■ **Source data**:

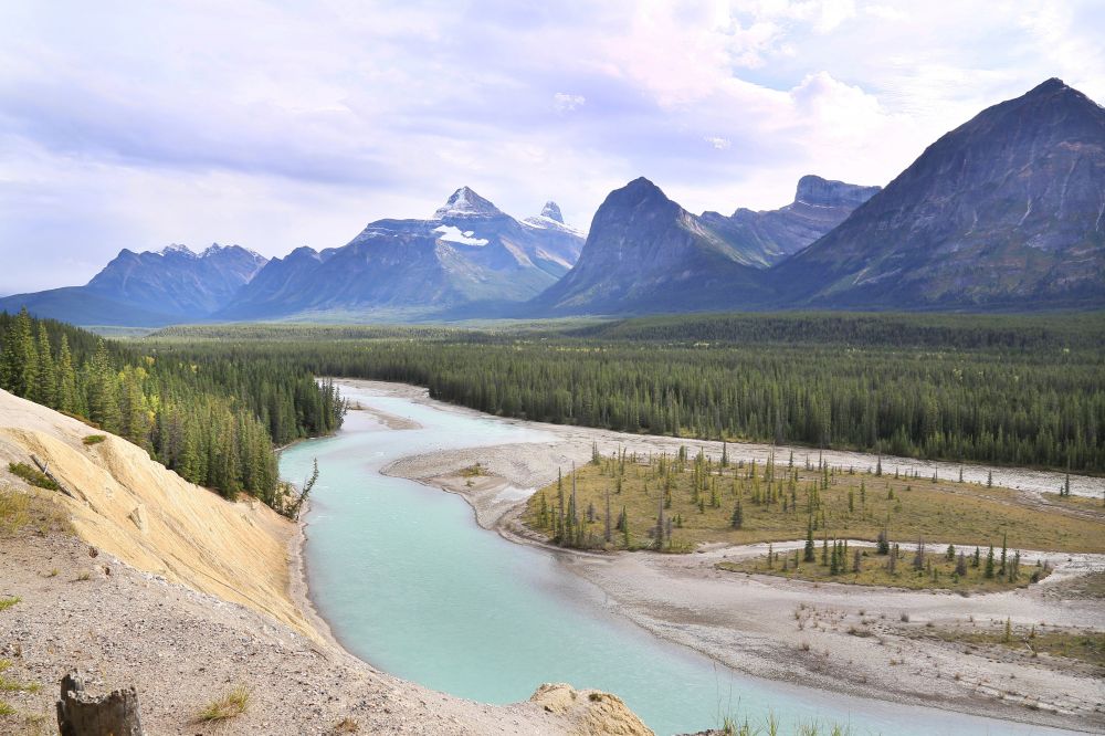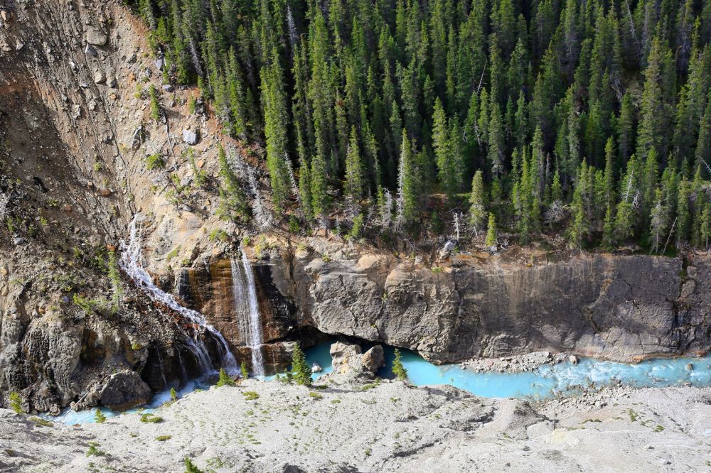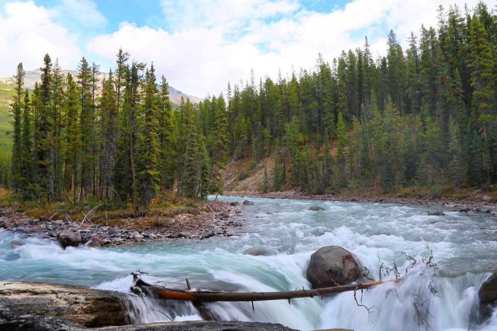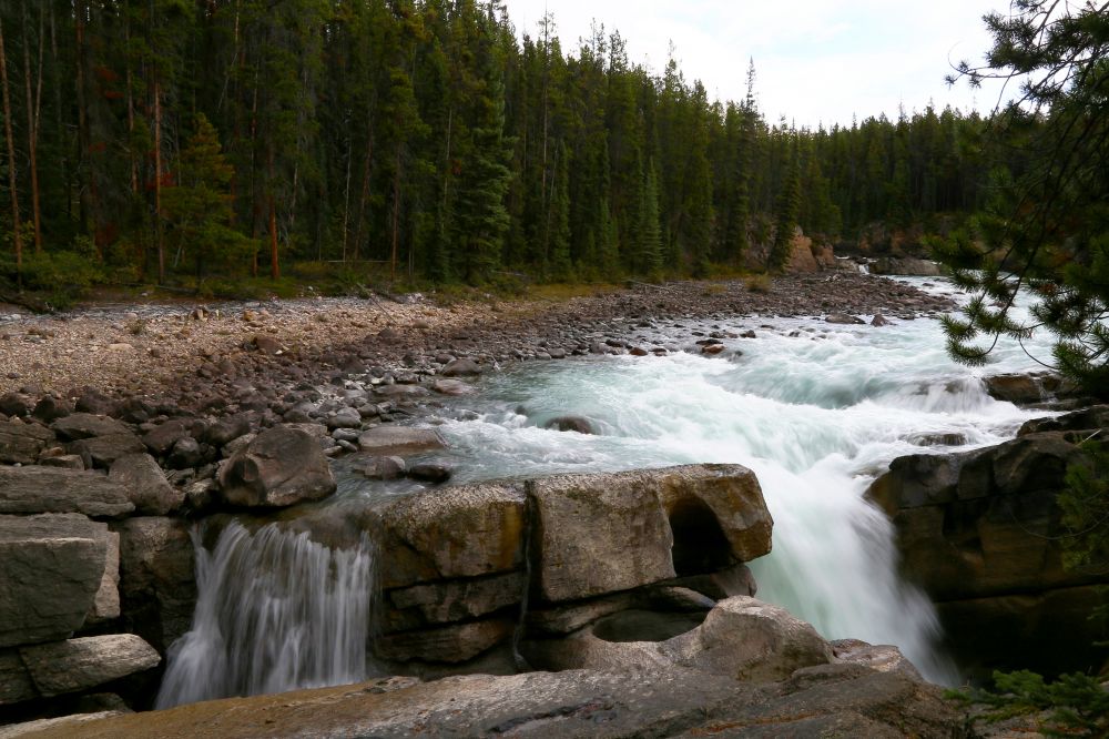 从Columbia Icefield出来到Jasper的最后100公里,沿着由冰川融水汇成的Athabasca River一路向北,看着Athabasca River由源头处几道细细的小溪流汇成最后宽阔的Athabasca River,最后会形成壮观的Athabasca Falls。
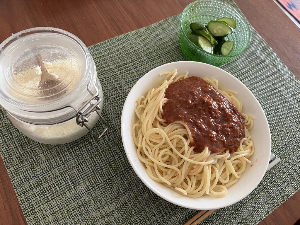 連暑のボロネーゼパスタとナスポークとパリ五輪
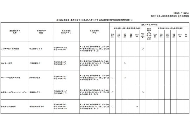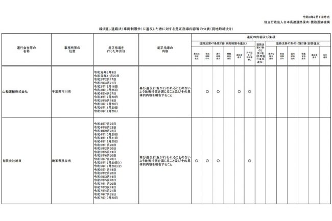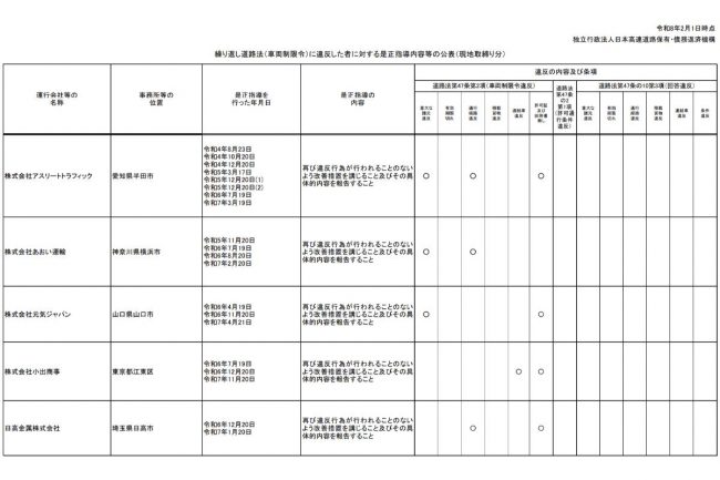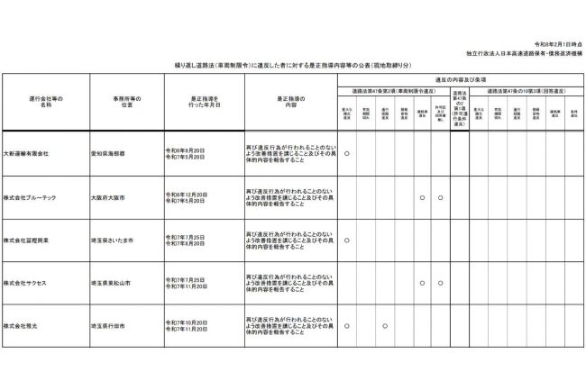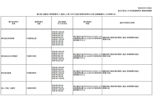 NEXCO西日本および日本高速道路保有・債務返済機構は2026年2月10日、高速道路で「車両制限令」を繰り返し違反した者の事業者名と是正指導の内容を公表しました。
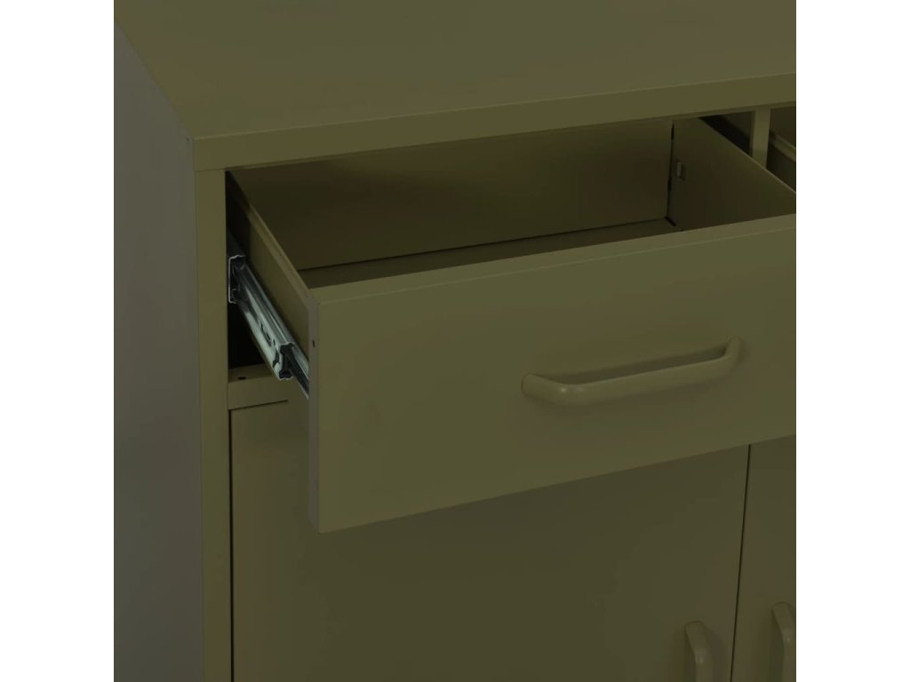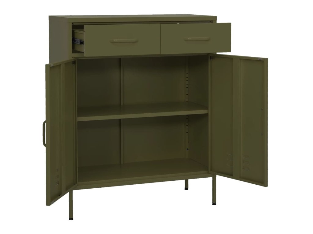 Tato úložná skříň je vyrobena z oceli, je tedy pevná a stabilní. Police poskytují dostatek prostoru pro přehledné uložení DVD, multimediálních zařízení, knih a drobných nezbytností, které chcete mít po ruce. Zásuvky s třídílnými pojezdy s kuličkovými ložisky zajišťují plynulé otevírání a zavírání. I při zvýšené zátěži lze tyto zásuvky zcela vysunout. Skříňka se snadno čistí vlhkým hadříkem.
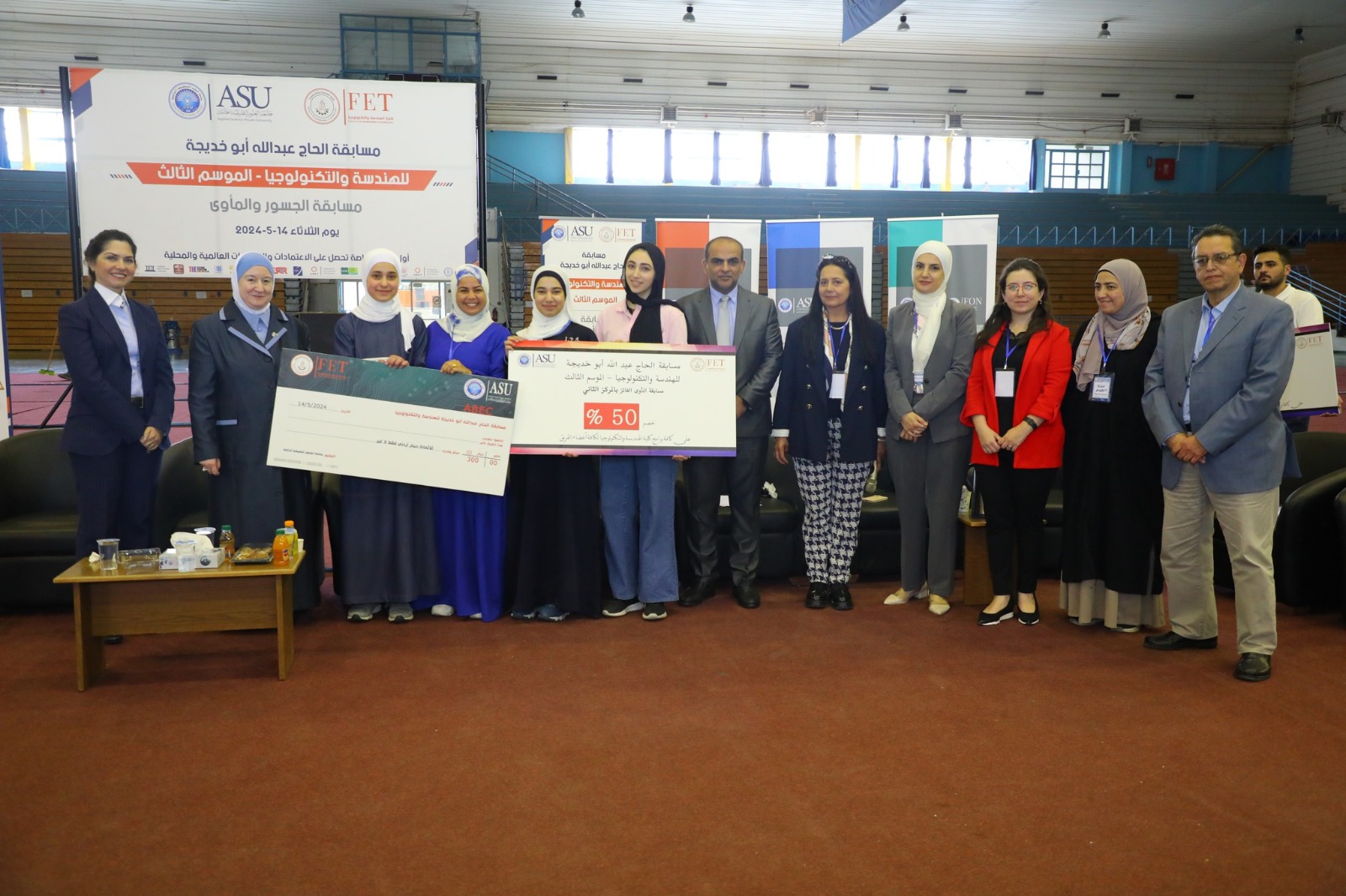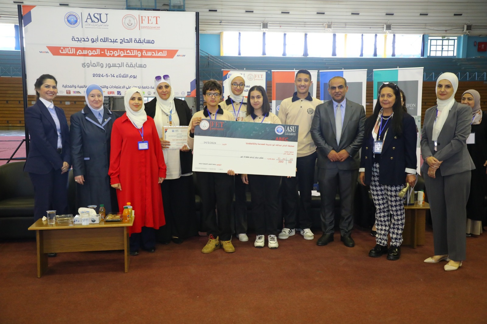 اختتمت كلية الهندسة والتكنولوجيا في جامعة العلوم التطبيقية الخاصة فعاليات مسابقة الحاج عبد الله أبو خديجة للهندسة والتكنولوجيا" بموسمها الثالث والتي تهدف إلى نشر الثقافة الهندسية بين طلبة المدارس من خلال طرح مسابقتين هما مسابقة تصميم الجسور ومسابقة تصميم المأوى. وتتمثل فكرة مسابقة الجسور بشكل رئيس بتصميم مجسم جسر من عيدان خشبية ضمن مواصفات معينة وأبعاد محددة حيث يتم اخضاع هذه الجسور لأحمال وأوزان من مركز التعليق المخصص ومن ثم تقييمها وفق قدرتها على تحمل هذه الأوزان نسبةً إلى وزنها. بينما تتمثل فكرة مسابقة المأوى بقيام كل فريق بتصميم فراغ محدد بجدران وسقف أو أسقف يعبر عن حاجة وظيفية قابل للتوسع أفقياً أو رأسياً أو كلاهما ضمن مواصفات معينة وأبعاد محددة.وتمت المسابقة بحضور عدد من المشاركين من مختلف المدارس الخاصة في عمان حيث شارك فيها ما يقارب 32 فريق توزعوا بين 24 فريق ضمن مسابقة تصميم الجسور و 8 فرق ضمن مسابقة تصميم المأوى، حيث قام كل فريق بعرض عمله وتم إخضاع كل مشروع لمراحل متعددة لتحديد الفائزين ابتداءً من مرحلة التسجيل ومن ثم الفحص والمطابقة والتقييم وصولاً إلى مرحلة التحكيم النهائية.وفي الختام تم إعلان تكريم جميع المدارس المشاركة بالمسابقة من قبل رئيس الجامعة بالإضافة لتقديم الجوائز للفرق الفائزة بالمراكز الثلاث الأولى ضمن فعالية احتفالية خاصة قامت بتنظيمها كلية الهندسة والتكنولوجيا بجامعة العلوم التطبيقية الخاصة.

■ **TASK TO CARRY OUT**: Exactly the lines from the one that contains "連暑のボロネーゼパスタとナスポークとパリ五輪" through the last line of the records should be set down, and the pictures should be dropped.

■ **TASK RESULT**:
 連暑のボロネーゼパスタとナスポークとパリ五輪
 NEXCO西日本および日本高速道路保有・債務返済機構は2026年2月10日、高速道路で「車両制限令」を繰り返し違反した者の事業者名と是正指導の内容を公表しました。
 Tato úložná skříň je vyrobena z oceli, je tedy pevná a stabilní. Police poskytují dostatek prostoru pro přehledné uložení DVD, multimediálních zařízení, knih a drobných nezbytností, které chcete mít po ruce. Zásuvky s třídílnými pojezdy s kuličkovými ložisky zajišťují plynulé otevírání a zavírání. I při zvýšené zátěži lze tyto zásuvky zcela vysunout. Skříňka se snadno čistí vlhkým hadříkem.
 اختتمت كلية الهندسة والتكنولوجيا في جامعة العلوم التطبيقية الخاصة فعاليات مسابقة الحاج عبد الله أبو خديجة للهندسة والتكنولوجيا" بموسمها الثالث والتي تهدف إلى نشر الثقافة الهندسية بين طلبة المدارس من خلال طرح مسابقتين هما مسابقة تصميم الجسور ومسابقة تصميم المأوى. وتتمثل فكرة مسابقة الجسور بشكل رئيس بتصميم مجسم جسر من عيدان خشبية ضمن مواصفات معينة وأبعاد محددة حيث يتم اخضاع هذه الجسور لأحمال وأوزان من مركز التعليق المخصص ومن ثم تقييمها وفق قدرتها على تحمل هذه الأوزان نسبةً إلى وزنها. بينما تتمثل فكرة مسابقة المأوى بقيام كل فريق بتصميم فراغ محدد بجدران وسقف أو أسقف يعبر عن حاجة وظيفية قابل للتوسع أفقياً أو رأسياً أو كلاهما ضمن مواصفات معينة وأبعاد محددة.وتمت المسابقة بحضور عدد من المشاركين من مختلف المدارس الخاصة في عمان حيث شارك فيها ما يقارب 32 فريق توزعوا بين 24 فريق ضمن مسابقة تصميم الجسور و 8 فرق ضمن مسابقة تصميم المأوى، حيث قام كل فريق بعرض عمله وتم إخضاع كل مشروع لمراحل متعددة لتحديد الفائزين ابتداءً من مرحلة التسجيل ومن ثم الفحص والمطابقة والتقييم وصولاً إلى مرحلة التحكيم النهائية.وفي الختام تم إعلان تكريم جميع المدارس المشاركة بالمسابقة من قبل رئيس الجامعة بالإضافة لتقديم الجوائز للفرق الفائزة بالمراكز الثلاث الأولى ضمن فعالية احتفالية خاصة قامت بتنظيمها كلية الهندسة والتكنولوجيا بجامعة العلوم التطبيقية الخاصة.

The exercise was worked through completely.